在列表中查找模式 [英] Finding patterns in list
问题描述
我目前正在寻找一种在整数列表中查找模式的方法,但是我要使用的方法当然适用于字符串和其他具有不同元素的列表。现在,让我解释一下我要寻找的内容。
I am currently searching for a way to find patterns in a list of integers, but the method I am going to use would be applicable to strings and other lists with different elements of course. Now let me explain what I am looking for.
我想在整数列表中找到最长的重复模式。例如,
I want to find the longest repeating pattern in a list of integers.

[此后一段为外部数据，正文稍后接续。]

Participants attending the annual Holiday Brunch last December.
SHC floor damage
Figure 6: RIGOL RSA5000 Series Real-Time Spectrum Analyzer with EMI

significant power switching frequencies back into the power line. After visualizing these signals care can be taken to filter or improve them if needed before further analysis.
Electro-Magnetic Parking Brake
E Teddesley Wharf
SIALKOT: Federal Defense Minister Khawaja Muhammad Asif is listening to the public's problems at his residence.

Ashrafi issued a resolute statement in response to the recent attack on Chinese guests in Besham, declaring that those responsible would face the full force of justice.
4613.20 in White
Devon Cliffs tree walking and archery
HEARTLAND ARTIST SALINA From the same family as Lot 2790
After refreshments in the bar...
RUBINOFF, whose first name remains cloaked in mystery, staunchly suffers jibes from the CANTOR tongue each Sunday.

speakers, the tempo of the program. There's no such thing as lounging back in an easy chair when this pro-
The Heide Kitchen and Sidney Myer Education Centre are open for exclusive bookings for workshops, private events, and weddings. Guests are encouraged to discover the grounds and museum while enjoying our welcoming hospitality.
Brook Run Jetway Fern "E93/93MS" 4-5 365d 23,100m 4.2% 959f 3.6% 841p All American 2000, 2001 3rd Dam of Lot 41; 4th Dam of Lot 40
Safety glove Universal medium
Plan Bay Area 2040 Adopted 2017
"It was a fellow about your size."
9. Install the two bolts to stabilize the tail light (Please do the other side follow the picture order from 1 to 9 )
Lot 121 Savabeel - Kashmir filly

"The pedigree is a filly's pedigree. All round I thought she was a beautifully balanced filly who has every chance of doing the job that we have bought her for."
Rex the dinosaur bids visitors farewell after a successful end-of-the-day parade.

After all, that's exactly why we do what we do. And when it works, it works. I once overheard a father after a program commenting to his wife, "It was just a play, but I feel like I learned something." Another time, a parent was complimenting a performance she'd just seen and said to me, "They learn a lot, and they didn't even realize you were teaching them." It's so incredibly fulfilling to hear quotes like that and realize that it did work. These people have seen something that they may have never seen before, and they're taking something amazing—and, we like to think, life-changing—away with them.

For example,
[1, 2, 3, 4, 1, 2, 3]
# This list would give 1, 2, 3
应该丢弃重叠模式。 (不确定)
Overlapping patterns should be discarded. ( Not certain )
[1, 1, 1, 1, 1]
# Should give 1, 1 Not 1, 1, 1, 1
以下是对我没有帮助的内容。
在列表中查找模式(不理解第一个答案的逻辑,很少解释。第二个答案只有在解决之前知道模式才解决问题。)

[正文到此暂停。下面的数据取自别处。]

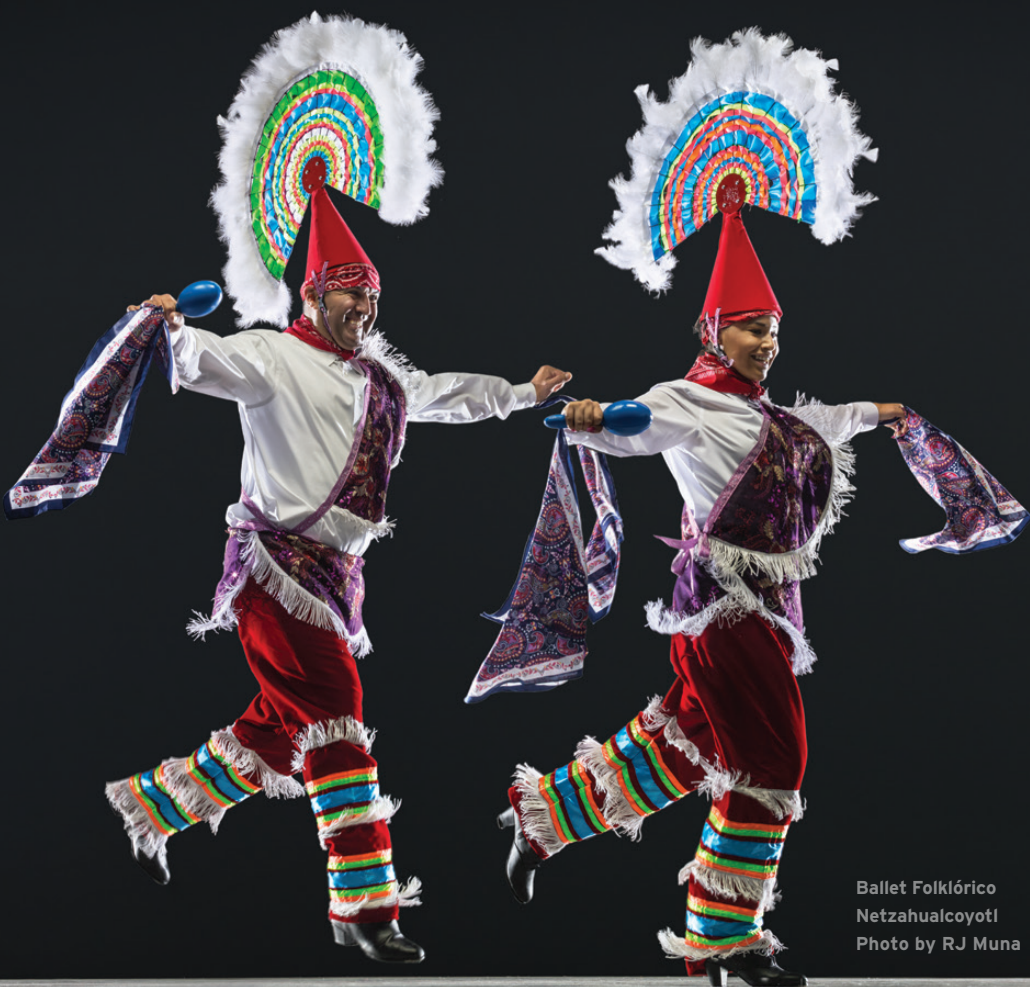
Ballet Folklórico Netzahualcoyotl

Finding patterns in a list (Did not understand the logic behind the first answer, very little explanation. And second answer solves the problem only if the pattern is known before solving.)
< a href = https://stackoverflow.com/questions/33928775/finding-integer-pattern-from-a-list>从列表中查找整数模式(给出了模式并希望出现次数。与我的问题不同。)

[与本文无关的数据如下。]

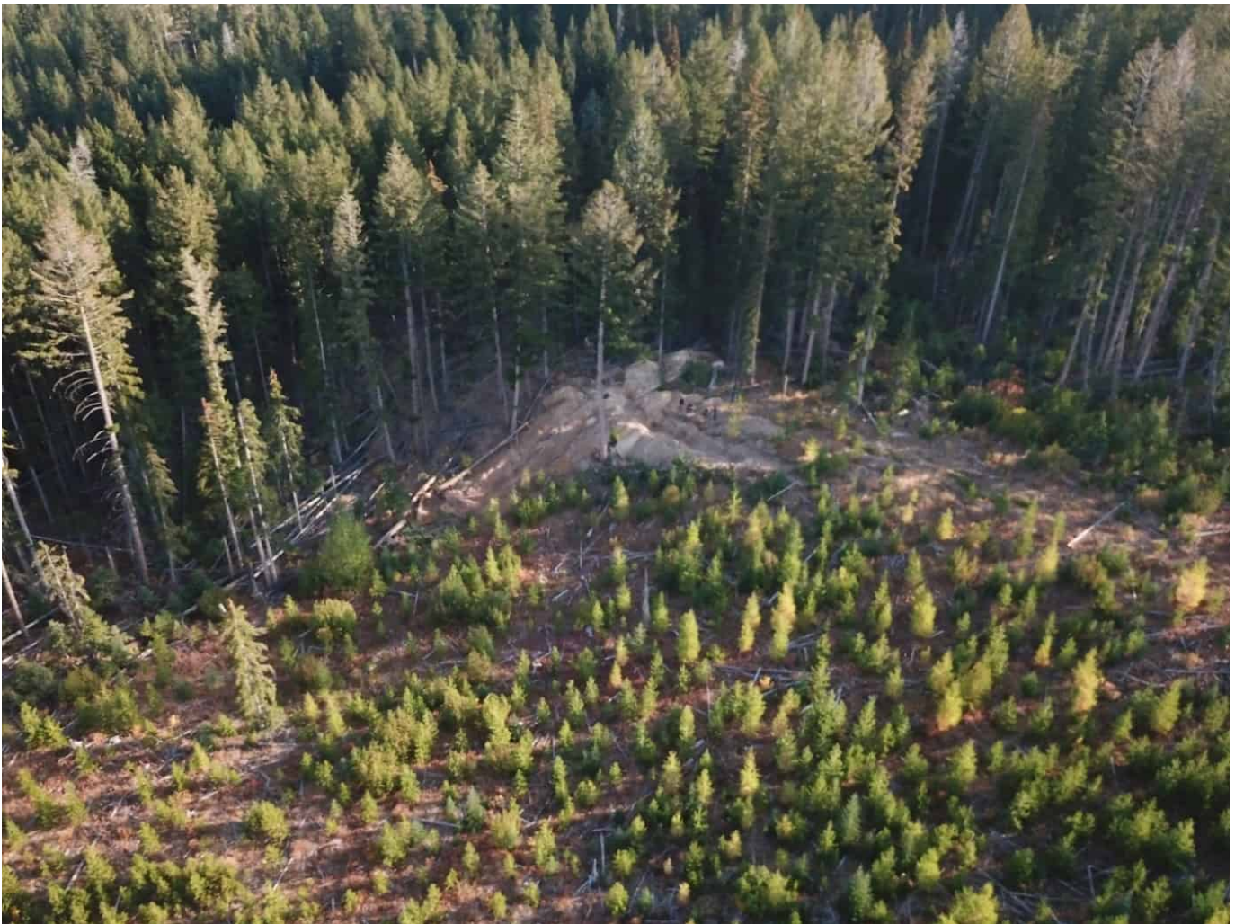
Figures 3: Beyer Zone Trenching

Strong geological similarities were noted with the historic trenches at the Man Zone 400 metres north, where mineralization is also hosted by complex hydrothermally altered argillic rocks with higher grade gold-silver zones occurring with southeasterly trending fault contacts.
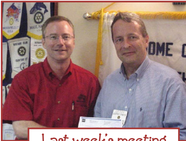
Last week's meeting
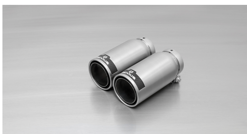
#83C: tail pipes Ø 84 mm Street Race, polishes
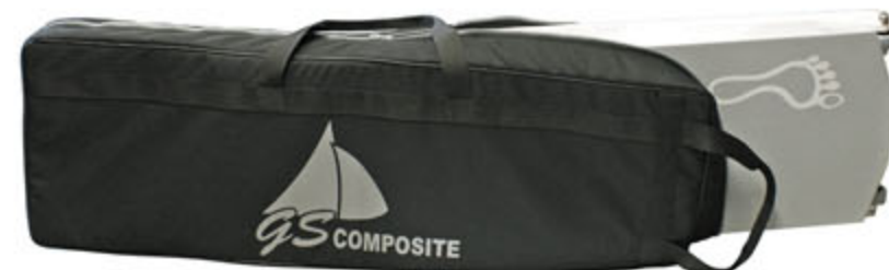
Durable storage bag
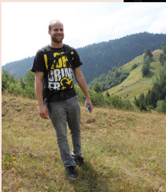
Trekking in the mountains of Kosovo with Albanian New Testaments
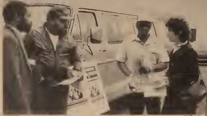
Campaigning at supermarket during 1983 campaign for Oakland city council.

You Can't Fight Reagan with Democrats—For Mass Strike Action to Bring Down Reagan!
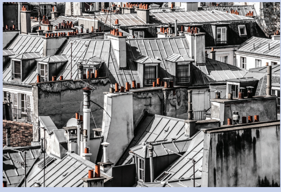
Rooftops, Paris, France
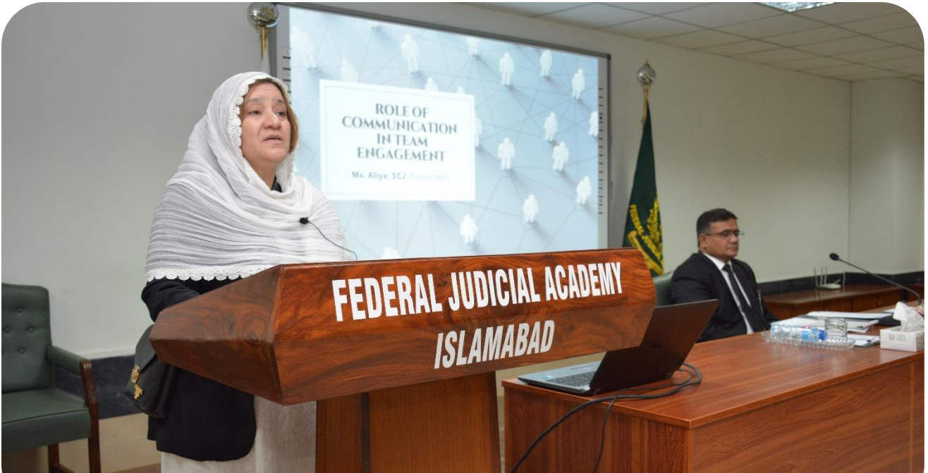
Course participant delivering syndicate presentation
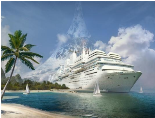
Figure 3: Original Image
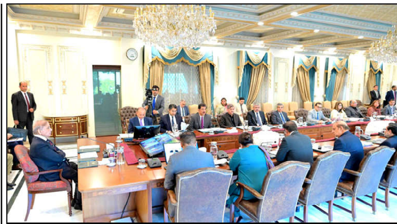
ISLAMABAD: Prime Minister Muhammad Shahbaz Sharif chairing a review meeting of the Public Procurement and Good Governance.
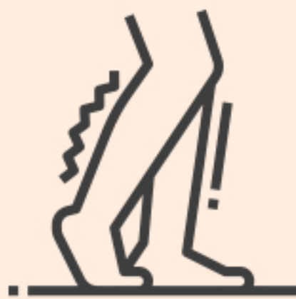
LEG PAIN OR SWELLING
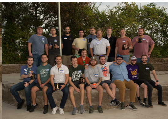
Recent Alumni (last 11 years)
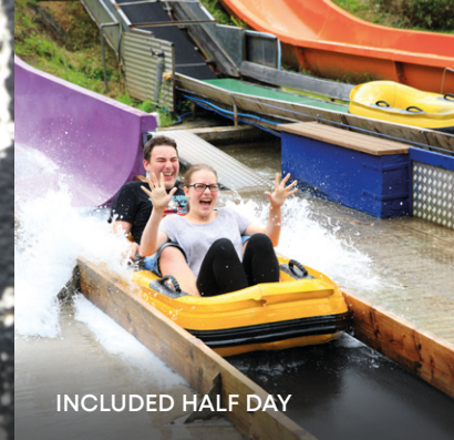
INCLUDED HALF DAY

Finding integer pattern from a list (Pattern is given and number of occurrence is wanted. Different than my question.)
最长的普通子序列问题(大多数人都处理过这个问题,但是这不是我的问题。在寻找模式时,我需要连续的元素。但是
Longest common subsequence problem (Most people dealed with this problem however it is not close to mine. I need consecutive elements while searching for a pattern. However in this, seperate elements also counted as subsequences.)
这是我尝试过的内容。
def pattern(seq):
n = len(seq)
c = defaultdict(int) # Counts of each subsequence
for i in xrange(n):
for j in xrange(i + 1, min(n, n / 2 + i)):
# Used n / 2 because I figured if a pattern is being searched
# It cant be longer that the half of the list.
c[tuple(seq[i:j])] += 1
return c
如您所见,它将找到所有子列表并检查重复。我发现这种方法有些幼稚(效率低下),我需要一种更好的方法。请帮我。
As you see, It finds all the sublists and check for repeats. I found this approach a bit naive(and inefficient) and I am in need of a better way. Please help me. Thanks in advance.
注意1:该列表是预先确定的,但是由于我的算法失败,我只能在冻结之前检查列表的某些部分电脑。因此,我尝试查找的模式可能会比搜索列表的一半长得多,甚至会比搜索列表本身更长,因为我只搜索原始列表的一部分。我正在使用,我可以搜索原始列表的较大部分,因此可以更好地找到模式。 (如果有的话。)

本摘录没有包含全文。